The recent developments in the field of computer vision, particularly in depth estimation and segmentation, showcase a significant shift towards enhancing model generalization and efficiency across diverse and challenging environments. A notable trend is the emphasis on zero-shot learning capabilities, aiming to reduce the dependency on domain-specific fine-tuning and large-scale annotated datasets. This is achieved through innovative approaches such as leveraging synthetic data for training, employing mixed annotation frameworks, and integrating auxiliary tasks to enrich model learning.
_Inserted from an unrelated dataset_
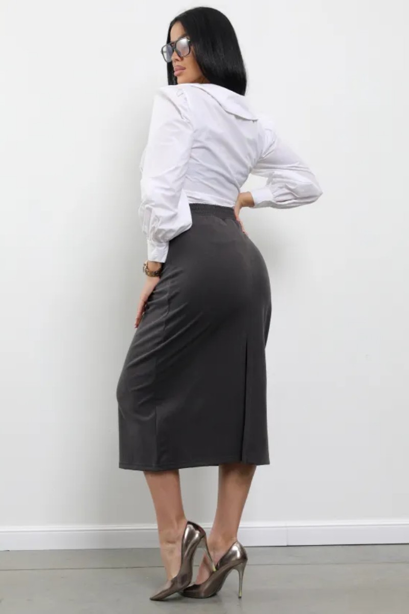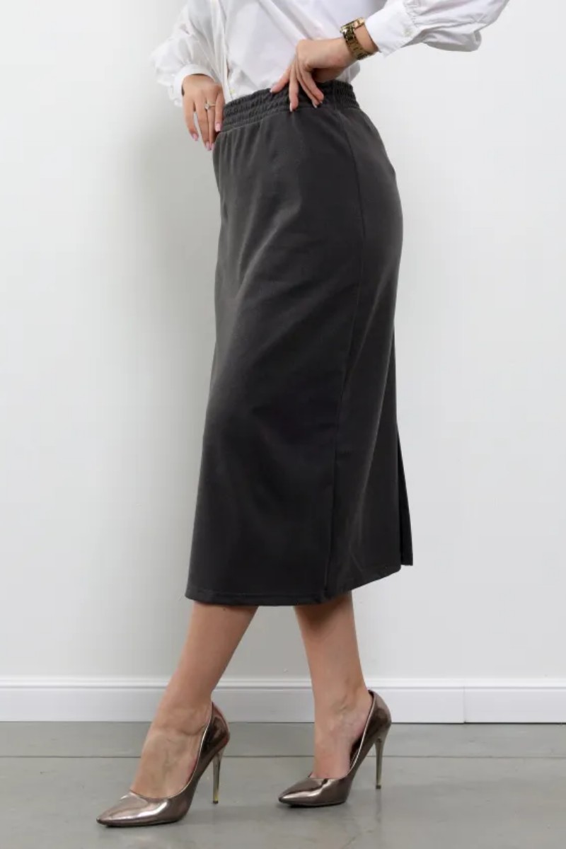 Представляем Вашему вниманию женскую юбку миди - стильный и практичный выбор для повседневной жизни. Юбка выполнена из полиэстера, что обеспечивает комфорт и долговечность. Состав материала включает 95% полиэстера и 5% лайкры, что гарантирует мягкость и эластичность ткани. Модель представлена в графитовом цвете, который легко сочетается с различными цветами и принтами. Особенностью данной модели является прямой силуэт и длина миди, что делает ее удобной и стильной. Пояс на резинке обеспечивает удобную посадку на талии, а разрез добавляет изюминку в образ. Застежка отсутствует, что облегчает процесс одевания и снимания юбки.
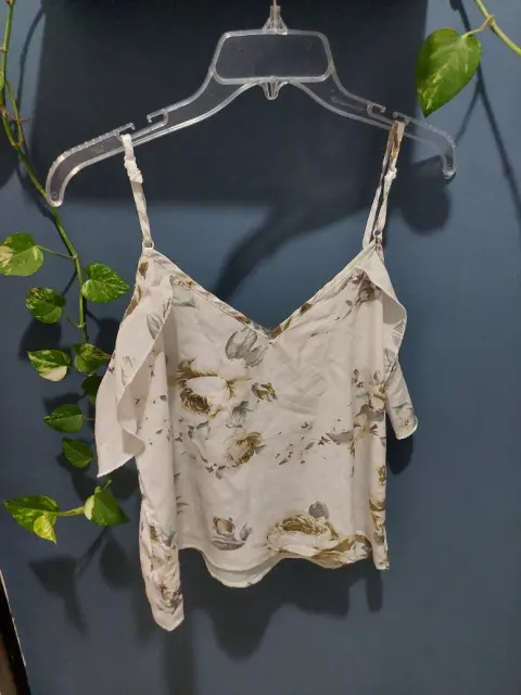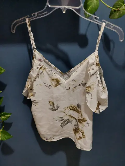 Bonita blusa tirantes. Bonita blusa floreada de tirantes ajustables, a la cintura, con olanes en hombros

Additionally, there's a growing focus on improving the robustness and accuracy of models in real-world applications, with advancements in network architectures and self-supervised learning frameworks that adapt to various environmental conditions.
- FoundationStereo introduces a foundation model for stereo depth estimation, achieving strong zero-shot generalization by utilizing a large-scale synthetic dataset and novel network components.
- MARIO presents a mixed supervision model for polyp segmentation, effectively utilizing various annotation types to enhance dataset usability and model performance.
- Survey on Monocular Metric Depth Estimation provides a comprehensive review of advancements in monocular metric depth estimation, highlighting the importance of scale-agnostic methods for zero-shot generalization.
- Enhancing Monocular Depth Estimation with Multi-Source Auxiliary Tasks demonstrates the benefits of incorporating auxiliary datasets and tasks to improve monocular depth estimation quality and data efficiency.
- PromptMono introduces a self-supervised learning framework for monocular depth estimation in challenging environments, utilizing visual prompt learning and a novel gated cross prompting attention module.